═══ EXTRACTED RECORDS

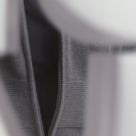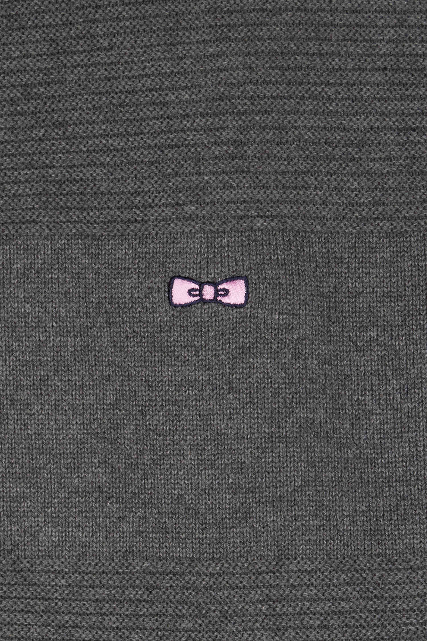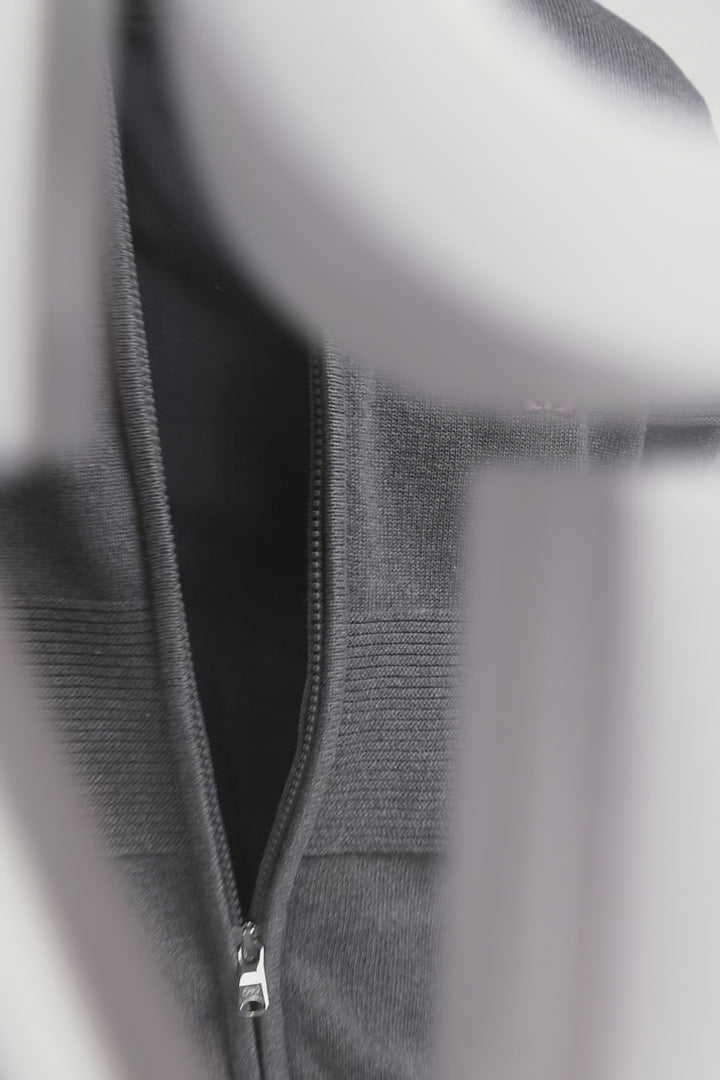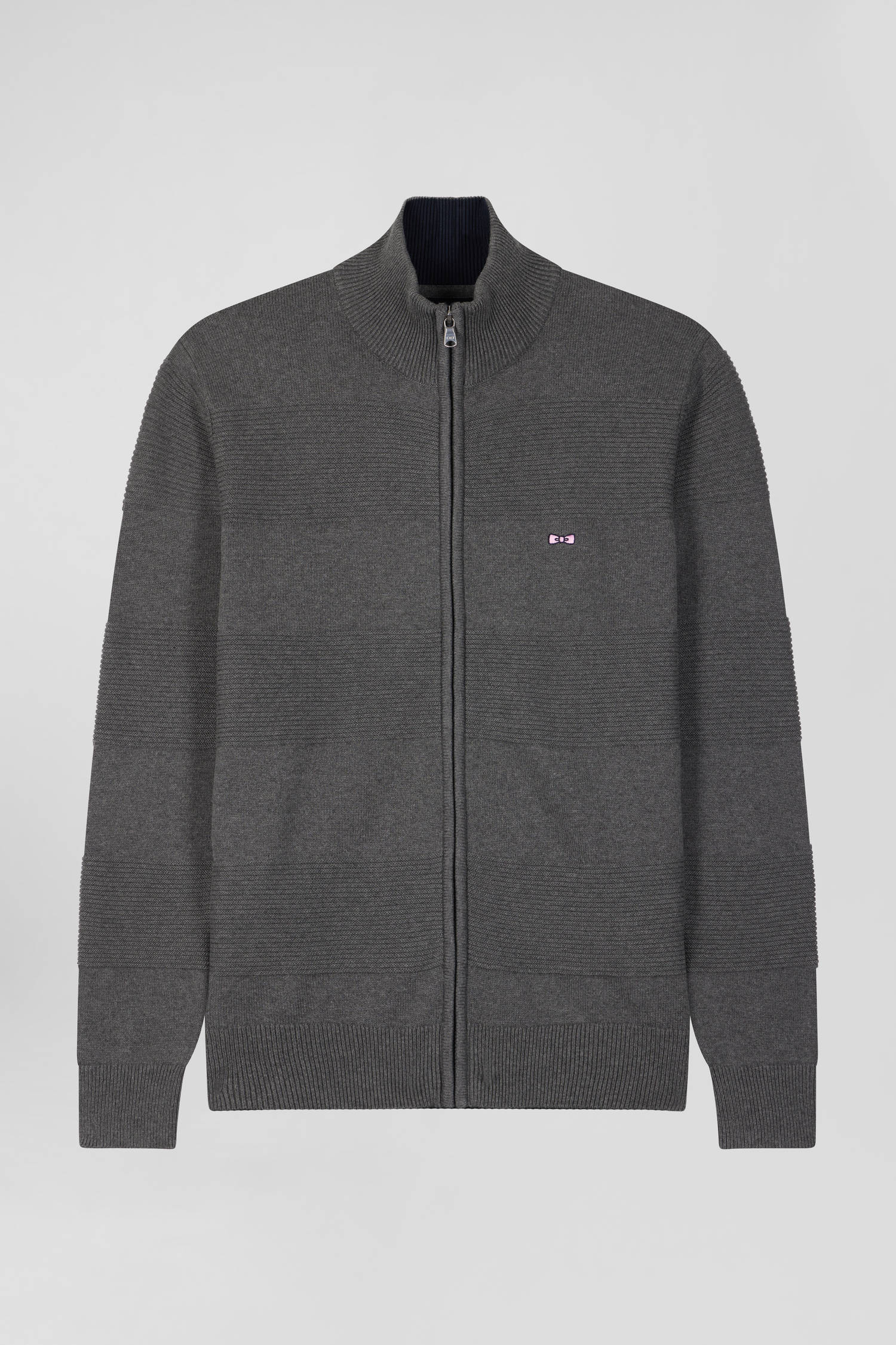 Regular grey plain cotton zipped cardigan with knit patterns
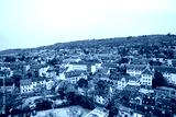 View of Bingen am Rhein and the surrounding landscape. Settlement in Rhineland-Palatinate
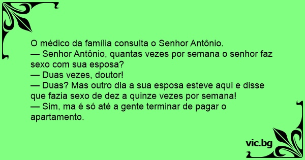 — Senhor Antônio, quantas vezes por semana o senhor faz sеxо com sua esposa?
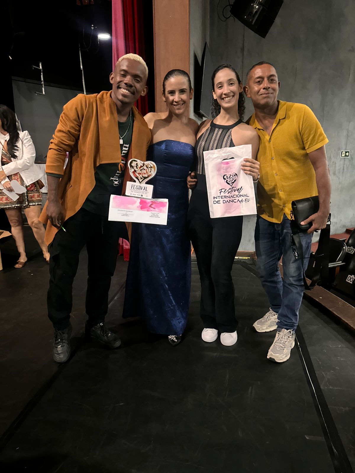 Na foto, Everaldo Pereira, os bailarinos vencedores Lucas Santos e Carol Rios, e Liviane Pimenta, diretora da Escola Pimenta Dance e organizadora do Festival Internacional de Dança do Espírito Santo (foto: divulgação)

══════
═══ EXTRACTED RECORDS

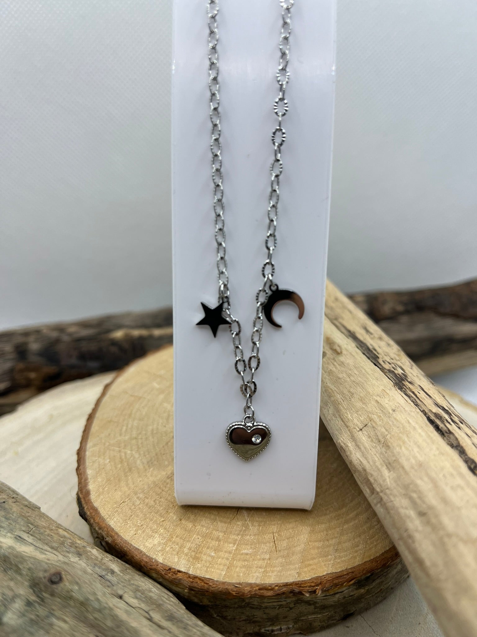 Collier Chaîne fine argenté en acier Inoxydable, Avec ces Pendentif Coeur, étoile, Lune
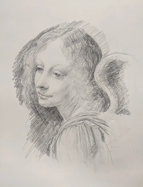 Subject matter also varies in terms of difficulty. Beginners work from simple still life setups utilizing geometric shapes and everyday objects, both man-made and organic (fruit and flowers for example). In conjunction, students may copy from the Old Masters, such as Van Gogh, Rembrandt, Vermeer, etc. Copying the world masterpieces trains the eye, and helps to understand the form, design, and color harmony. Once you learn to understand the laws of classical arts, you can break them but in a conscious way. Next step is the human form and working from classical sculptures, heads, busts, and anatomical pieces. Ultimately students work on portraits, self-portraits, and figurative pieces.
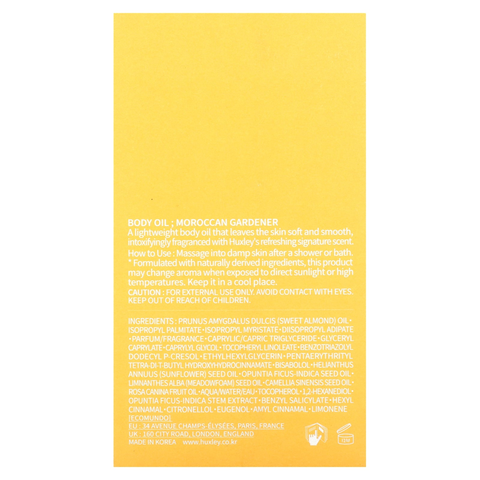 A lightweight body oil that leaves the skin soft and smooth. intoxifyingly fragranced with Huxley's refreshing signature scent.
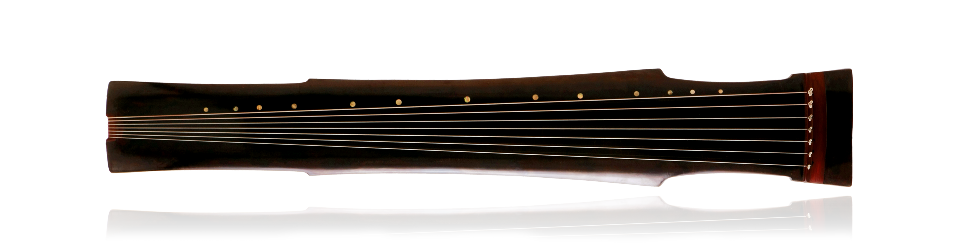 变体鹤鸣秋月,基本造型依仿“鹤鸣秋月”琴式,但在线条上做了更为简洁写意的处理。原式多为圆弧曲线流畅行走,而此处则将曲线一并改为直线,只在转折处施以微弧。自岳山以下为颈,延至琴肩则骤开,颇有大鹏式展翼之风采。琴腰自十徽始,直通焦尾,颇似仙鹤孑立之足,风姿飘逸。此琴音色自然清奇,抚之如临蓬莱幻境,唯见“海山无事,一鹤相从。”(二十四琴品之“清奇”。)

══════

TO DO:
Write out exactly the run of lines above that starts at the line containing "Regular grey plain" and ends at the line containing "Na foto, Everaldo". Include both, and leave the pictures out.

ANSWER BELOW:
 Regular grey plain cotton zipped cardigan with knit patterns
 View of Bingen am Rhein and the surrounding landscape. Settlement in Rhineland-Palatinate
 — Senhor Antônio, quantas vezes por semana o senhor faz sеxо com sua esposa?
 Na foto, Everaldo Pereira, os bailarinos vencedores Lucas Santos e Carol Rios, e Liviane Pimenta, diretora da Escola Pimenta Dance e organizadora do Festival Internacional de Dança do Espírito Santo (foto: divulgação)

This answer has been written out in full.